August 21, 2017 “It’s not perfect.”
We’ve lived in Freedom (our Airstream) as our home for nine weeks now. We’ve been residents at two RV Parks so far.
There are pros and cons … at both.
- The first park had a state of the art laundry facility…the second, not so much. (No, we don’t have a washer and dryer in Freedom!)
- The first park had a lake and a big dog park. The second doesn’t have a lake and the dog park is about 15’ by 30’. Rowdy is not impressed.
- The second park has a giant ice machine; this was not an amenity at the first park. (No, we don’t have an ice maker in Freedom; yes, we do have a small freezer!)
- The second park has the cutest – and wonderfully delicious – Food Truck park, right next door! The first park had zero good choices for formal or informal dining within 15 miles.
As you can imagine, there are pros and cons to living in an Airstream – compared to a “real” house.
- Our house had a giant bath tub; I had an every night habit of bubble baths. Freedom has a very functional, very small shower.
- In our home, we had a television package that supplied us with every Astros game of the season. There’s not a television package available for our travels that feeds us our daily Astros’ fix. We got real excited a few days ago when we could watch the game on FaceBook live.
- Decorative pillows are a necessity for me; Freedom’s interior is dressed in fine style! That means every night we get to move eight pillows from the bedroom to the couch, and every morning we get to move eight pillows from the couch to the bedroom. Freedom doesn’t have the bedroom square footage that our home offered!
It’s been less than ten weeks, but Doug and I are experiencing a new kind of freedom – different than just what we expected from a home on wheels.
This unexpected freedom is this: It’s ok that everything’s not ok.

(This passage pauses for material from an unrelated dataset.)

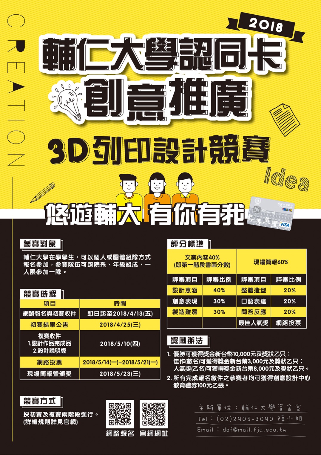 輔仁大學舉辦第四屆「認同卡創意推廣競賽」,資金室主任陳杰昇表示,今年的競賽方式會與創意設計中心合作,參賽的同學要設計出具有輔大專屬特色與精神的3D作品來推廣認同卡,也期望學生在設計的同時能更認識輔大認同卡。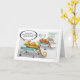 L'image de la carte est celle d'hippocampes mâles enceintes dans un service de "paternité". Dans le monde naturel, après l'accouplement, l'hippocampe mâle transporte les oeufs dans une poche jusqu'à ce que de minuscules hippocampes entièrement développés émergent. Texte intérieur : "Félicitations et bonne chance pour votre grossesse". Faits amusants sur les hippocampes listés à l'arrière.

We treasure deeply our time together, our purpose, the beauty of our surroundings, and the simple new rhythm of our daily routines.

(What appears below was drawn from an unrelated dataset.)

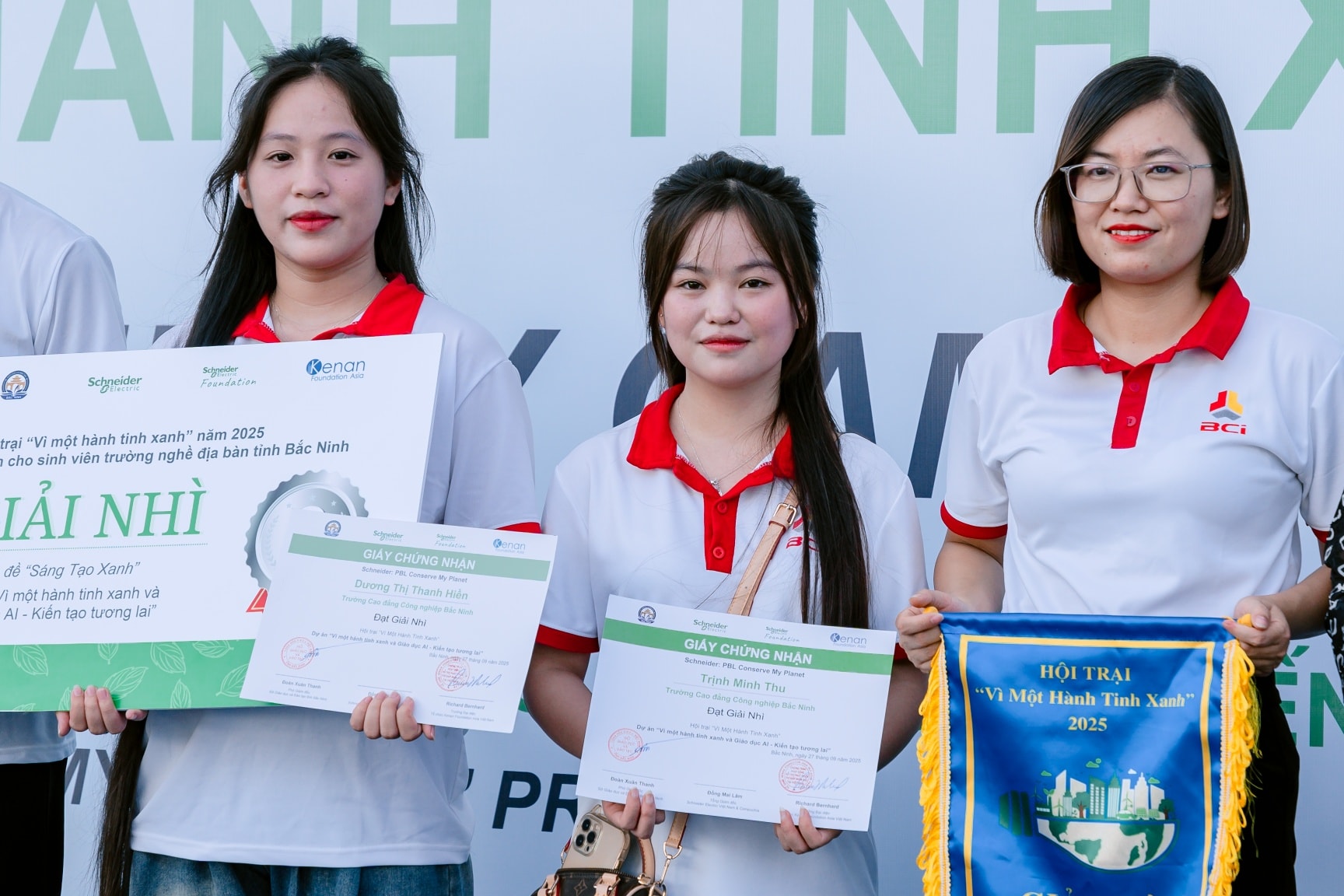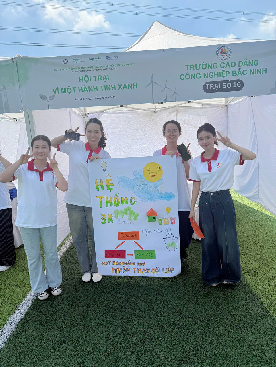 (Bắc Ninh) – Đội tuyển sinh viên trường Cao đẳng Công nghiệp Bắc Ninh (BCI) vừa xuất sắc giành Giải Nhì tại Hội trại "Vì Một Hành Tinh Xanh" diễn ra vào ngày 03/10/2025. Cuộc thi do Kenan Foundation Asia và Schneider Electric Foundation tổ chức, với sự tham gia của 11 trường cao đẳng trong tỉnh.

We hold loosely the inconveniences that are the “cons” of the current RV park – or of our current tiny home.
We talked about this idea the other night…that it almost feels like an “aliens journeying through a foreign land” kind of thing. We weren’t expecting this kind of peace.

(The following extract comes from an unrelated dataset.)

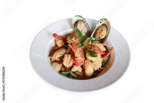 A delightful seafood dish beautifully arranged on a plate, showcasing a variety of fresh ingredients and vibrant colors. The dish is a culinary masterpiece, tempting taste buds

When we were home-owners, the “cons” of our home or our yard or our subdivision seemed like big deals. They were important to “fix” or “renovate.”
There seemed to be a constant undertone of “what needs to be upgraded next?” or “Things will be better when…”
There was always a list of “we need to get…”
Ok, in some ways, these lists are still reality for us. We need to get a camera so I can start recording the online classes; we need a good microphone for the podcasts. (For those of you who love Doug as much as I do…yes, we’re planning a podcast together! Stay tuned!)
The rug at the front door of Freedom will need to get replaced frequently because we wash it … frequently.
We “need” a bigger outdoor rug … to help stop the gravel relocation project we seemed to have started – without intention.
Still, these “needs” don’t rob our peace.
And we’re not living in a pretend “Happily Ever After.”
We have more to do in the next six weeks than seems humanly possible. Our monthly budget meetings are for the purpose of keeping an eye on – not if our expenses are more than our income – but by how much. Living on savings isn’t our long term plan.
And…in unexpected ways…we’re living in Freedom.
It’s ok that everything’s not ok.
What if this peace was a part of “at the table” in our homes? Not every night perhaps; maybe just one intentional night a week.
What if everyone knew? “Tonight is the night it’s ok that everything’s not ok.”
We’ll talk about what needs to be done and fixed and bought and repaired…later.
We’ll talk about conflicts, struggles, and past-due assignments…later.
Tonight…it’s safe for things to not be perfect. We can hold the struggles loosely – so we have the time to deeply treasure being together.
Sharing memories – and making new ones.
Inviting dreams to make an appearance in the conversation.
At the table…one night a week… what if our priority is connecting?
Connecting builds trust – and strength.
Connecting sets the stage for affirmation.
Affirmation builds identity and confidence.
We’ll need trust and strength and confidence to talk later about what needs to be done and repaired, and about conflicts, and struggles, and past-due assignments.
The atmosphere can still be safe – because we’ve sat together a while in our true identity.
“I know you; I know you’re for me.”
“You know me; You know I’m for you.”
“It’s ok that everything’s not ok” – we’ve got each other, and we’ll work on it together.
We have a dream – that we can rebuild our great nation, one conversation at a time.
Parents, if you’d like some ideas about conversation starters…maybe you might lead the way by sharing the answer to one of these:
“I remember when….”
“I used to think that when I grew up…”
“I always loved it when Papaw told the story about….” (for me that would be “the Teeny, Tiny Woman!”)
“I helped a friend at work today….” or “A friend really helped me at work today…”
“You might not know this about me, but my favorite (book, song, meal, hobby, friend…) when I was growing up was…”
A few of you might be bold enough to share your “At the table” stories with us. We’d love for you to leave a comment and let us know that you’re giving this idea of a safe place at the table a try in your family.
Thank you for joining us – together is better – let Freedom ring!